Religious Notions of Gypsies

Religious Notions of Gypsies (1888)
1048930Religious Notions of Gypsies1888

Religious Notions of Gypsies.—The gypsies' religion, says the author of "The Transylvanian Tziganes[1]," in "Blackwood's Magazine," is of the vaguest description. They generally agree as to the existence of a God, but it is a God whom they can fear without loving. "God can not be good," they argue, "else he would not make us die." The devil they also believe in to a certain extent; but only as a weak, silly fellow, incapable of doing much harm. A gypsy, questioned as to whether he believed in the immortality of the soul and the resurrection of the body, scoffed at the idea. "How could I be so foolish as to believe this?" he asked, with unconscious philosophy. "We have been quite wretched enough, and wicked enough, in this world already.
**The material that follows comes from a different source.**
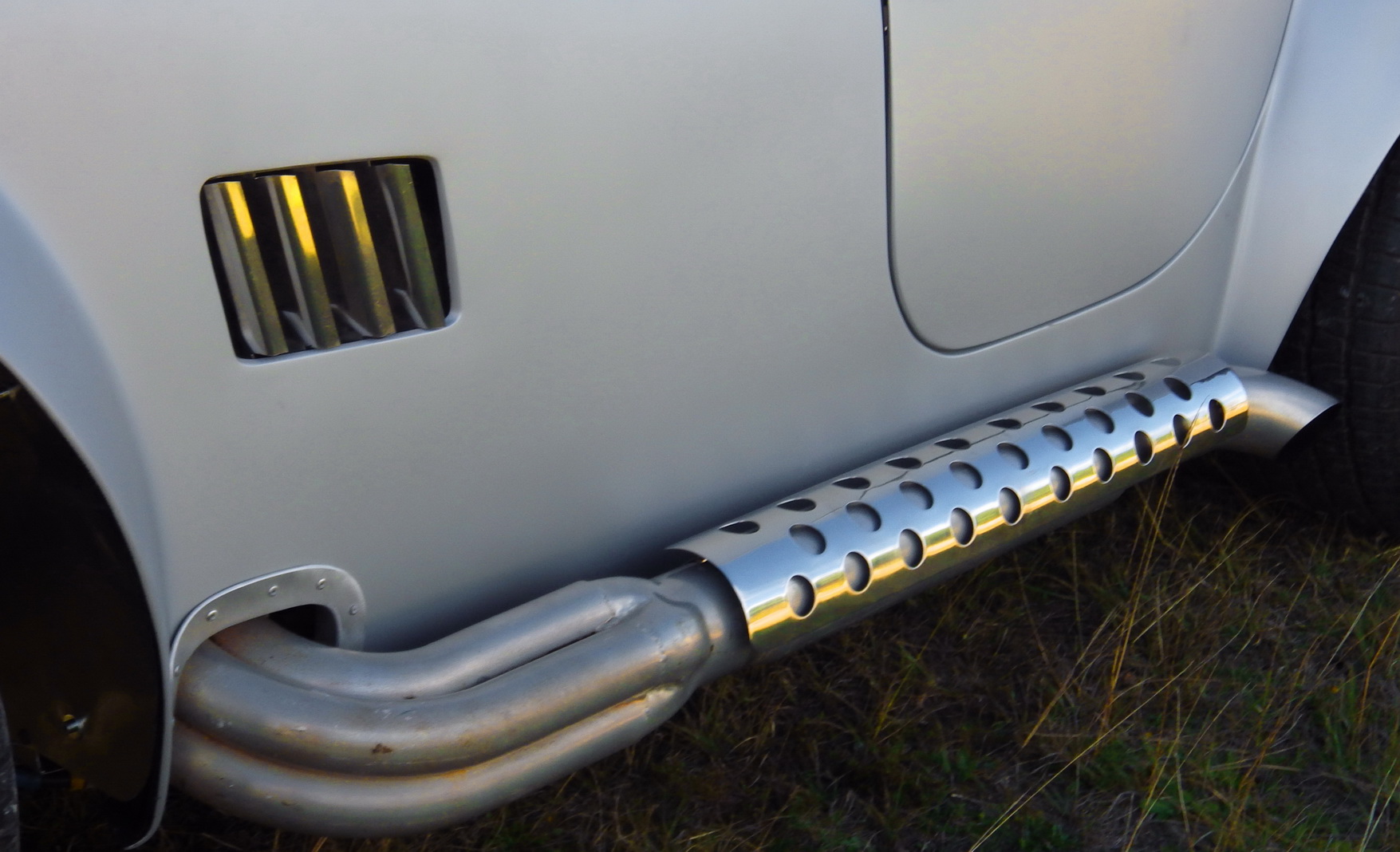 D'abord il a fallu acheter un gros moteur Ford V8 5 litres légèrement préparé (4 carburateurs double corps) et qui lâche une sonorité merveilleuse par son superbe collecteur d'échappement en inox réalisé par un artisan comme de nombreuses autres pièces telles le réservoir et autres supports. Éric jauge sa puissance à environ 300 ch estimant que c'est suffisant et on veut bien le croire quand on se souvient que la voiture dépasse à peine les 1000 kilos et accélère de 0 à 100 km/h en 4,5 secondes en arrachant la tête.

Why should we begin again in another?" Sometimes their confused notions of Christianity take the shape of believing in a God, and in his Son, the young God; but while many are of the opinion that the old God is dead, and that his Son now reigns in his place, others declare that the old God is not really dead, but has merely abdicated in favor of the young God. Though rarely believing in the immortality of the soul, the Tzigane usually holds with the doctrine of transmigration, and often supposes the spirit of some particular gypsy to have passed into a bat or a bird; further believing that, when that animal is killed, the spirit passes back to another new-born gypsy. The gypsies resident in villages and hamlets often nominally adopt the religion of the proprietor of the soil, principally, it seems, in order to secure the privilege of being buried at his expense.